Hiking nude: discovering Ngatuhoa naturally


A few years ago, I discovered Ngatuhoa Naturally and I wish I had done so many years ago. This is totally different from one of my favorite places, the beach, but that has now moved to second place.

Ngatuhoa Naturally is a once-a-year get together of a group of independent naturists. During the days that there are no hikes arranged, I like to go exploring off the beaten track.

Hiking in the nude means that your preparations suddenly become a lot simpler. Put on your socks and hiking boots, put some food and plenty of drinks in your backpack together with the necessary emergency supplies and off you go.

One of my adventures this year was a continuation of previous explorations of the Ngatuhoa Stream.

At this time of the year (late January) there is often not a large flow and it is quite easy to go bolder hopping, often moving from one side of the stream to the other to find the easiest path. Sometimes it requires wading and while the water is quite cold, it is very refreshing. Sometimes there are nice rock pools that provide a welcome cool down.

In the Ngatuhoa Stream there are at least four canyons that can only be crossed by swimming. Two are relatively easy, but the other two need further exploring as they appear to include rapids or waterfalls. I have scaled these by going over the top, which requires bush-bashing and steep climbs up and down hill. During one of those, I got stopped in my tracks by a sharp pain on my forehead.

A bush lawyer managed to hook into my skin and they don't let go easily.

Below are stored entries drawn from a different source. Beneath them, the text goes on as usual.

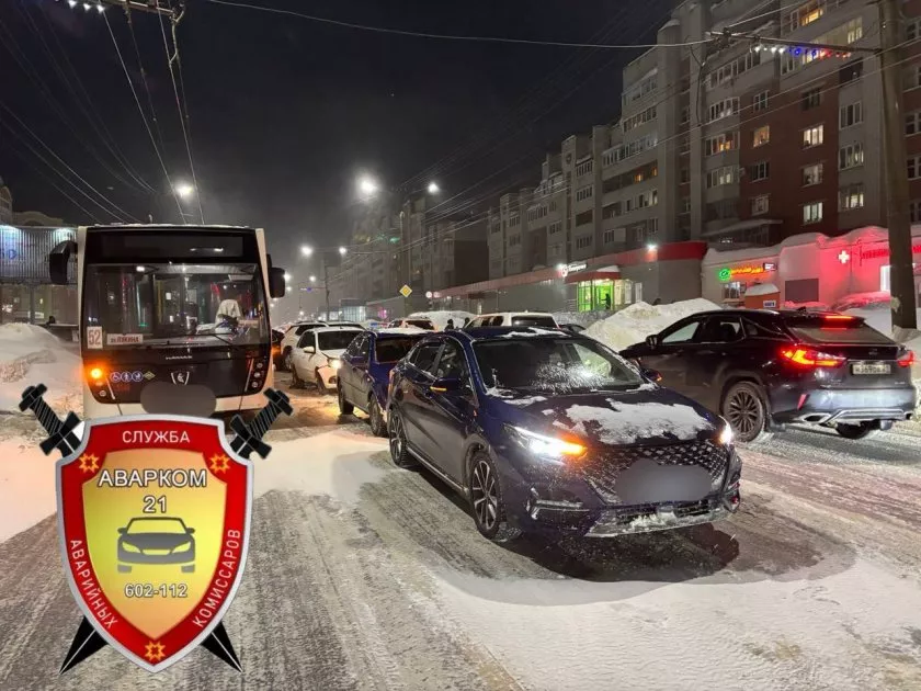В Чебоксарах на улице Максима Горького произошло массовое ДТП с участием нескольких машин и автобуса. На месте работают сотрудники ДПС. Об этом сообщают народный корреспондент и проект "Город грехов".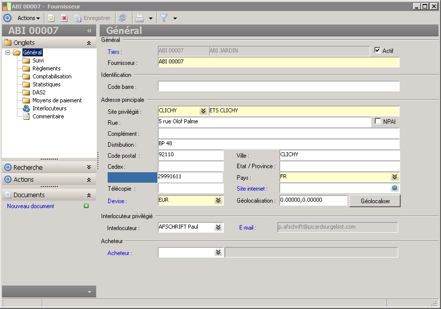 Un acheteur peut être associé au fournisseur : il s'agit d'un contact établissement ayant le rôle acheteur. |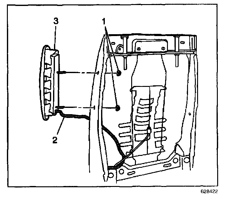 1. Install the driver side air bag (3) to the seat while guiding the driver side air bag wiring harness (2) through the trip cup.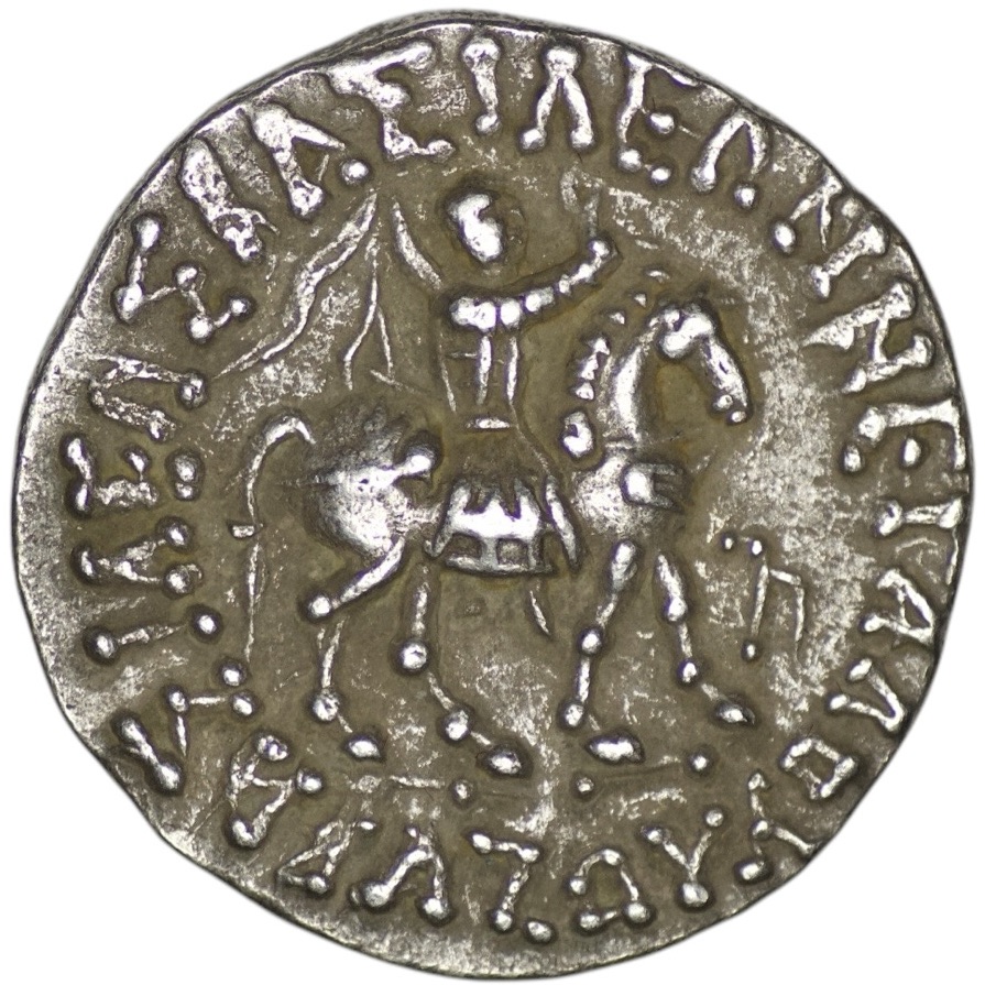 Indo-Scythian Kingdom. Azes II (ca. 35 BC – 5 AD). AR Tetradrachm (9.71g/ 24mm). Uncertain mint in western Gandhara. BAΣIΛEΩΣ BAΣIΛEΩN MEΓAΛOY; AZOY King on horseback to right, raising his right hand and holding whip in his left; to right, Karoshti ‘la’/ Maharajasa rajarajasa mahatasa Ayasa’ (‘of Great King, King of Kings Azes the Great’ in Karoshti) Athena standing facing, raising her right hand in blessing and holding shield in her left; behind her back, spear; to left and right, monograms. Hgc-12,637; Senior-98.300T. Extremely fine,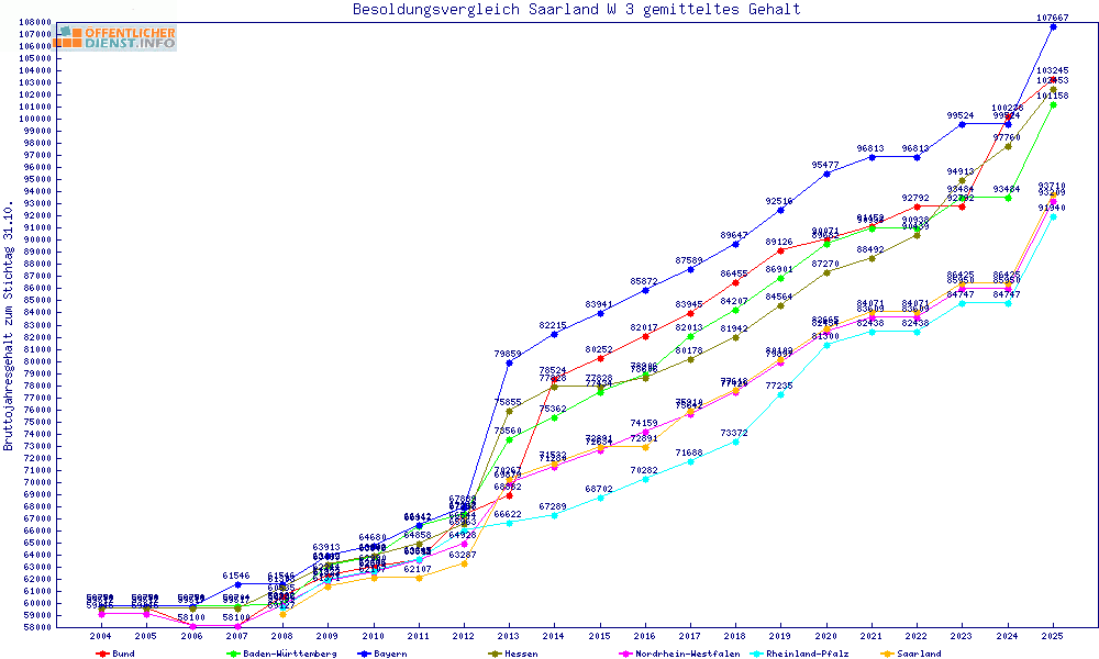 | Bayern | 109.375 € | +15664 € | +16.7% | +12021 € | +12.3% | 12 Jahre | ||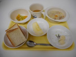 今日の給食メニュー ・食パン ・ホワイトシチュー ・フレンチサラダ ・チーズ ・りんご ...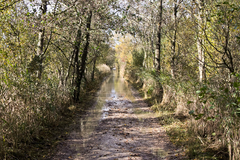 The muddy leaf strewn path meandered its way through the pretty woodland....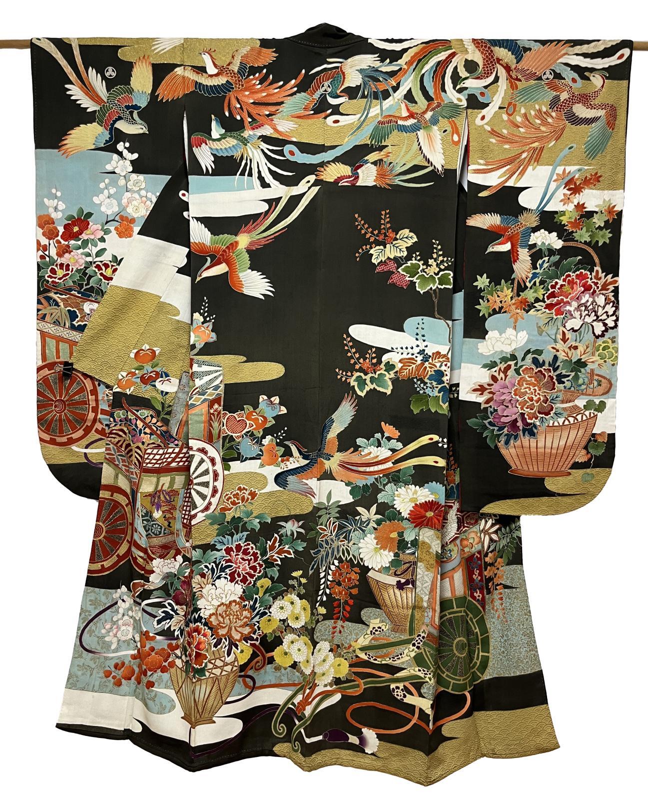正絹 / アンティーク 婚礼黒引き振袖 / 鳳凰 / 御所車 / 花籠 / 花車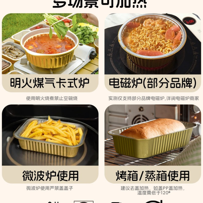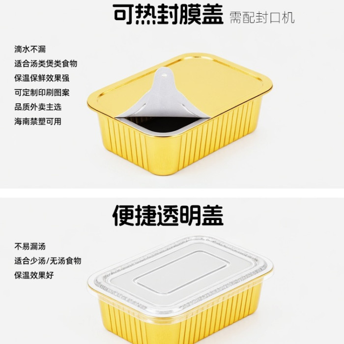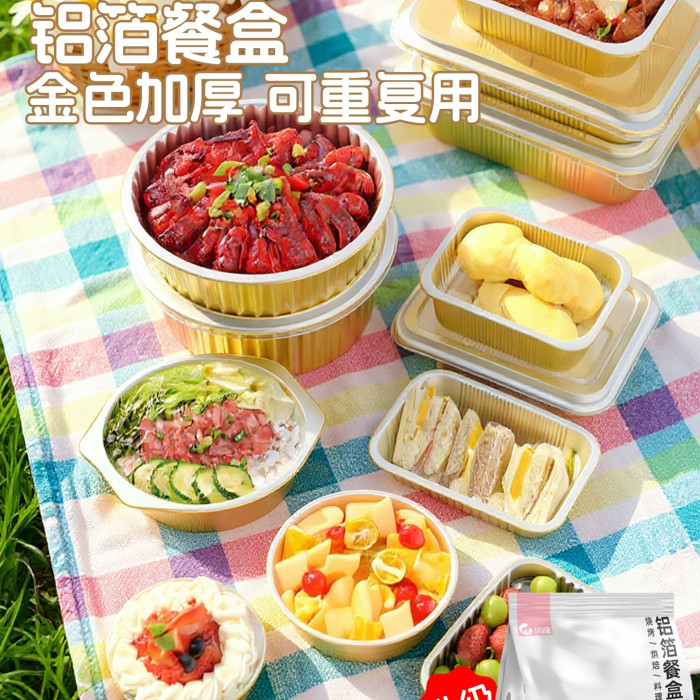 金色錫紙盒長方形燒烤露營野餐餐具烤箱家用錫箔帶蓋鋁箔餐盒

After carefully removing it, I traced it back and found that it was a shoot from a large vine that climbed all the way up to the canopy of the trees. At ground level, it was as thick as my arm. For obvious reasons, I have a huge respect for the bush lawyer.

Building on my experience from the previous years, I managed to reach the junction of the Ngatuhoa Stream with the Opuiaki River in about 4 hrs and this gave me a huge sense of achievement.

After making a number of pictures at the junction, I followed the Opuiaki River upstream to see if it was possible to get back along there to the intake dam for the hydro power scheme, from where a road leads back to Ngatuhoa Lodge. The first part was quite easy, but then it turned into an area with rapids, waterfalls and steep canyons. B

Beautiful, but progress was slow. After scaling some of the canyons and rapids, I had passed the point of no-return and pushed ahead.

Close to the time set for a search party to start looking for me, I reached the dam and sent a text to tell them I was OK, assuming they would need to find a place to get reception when sounding the alarm bells.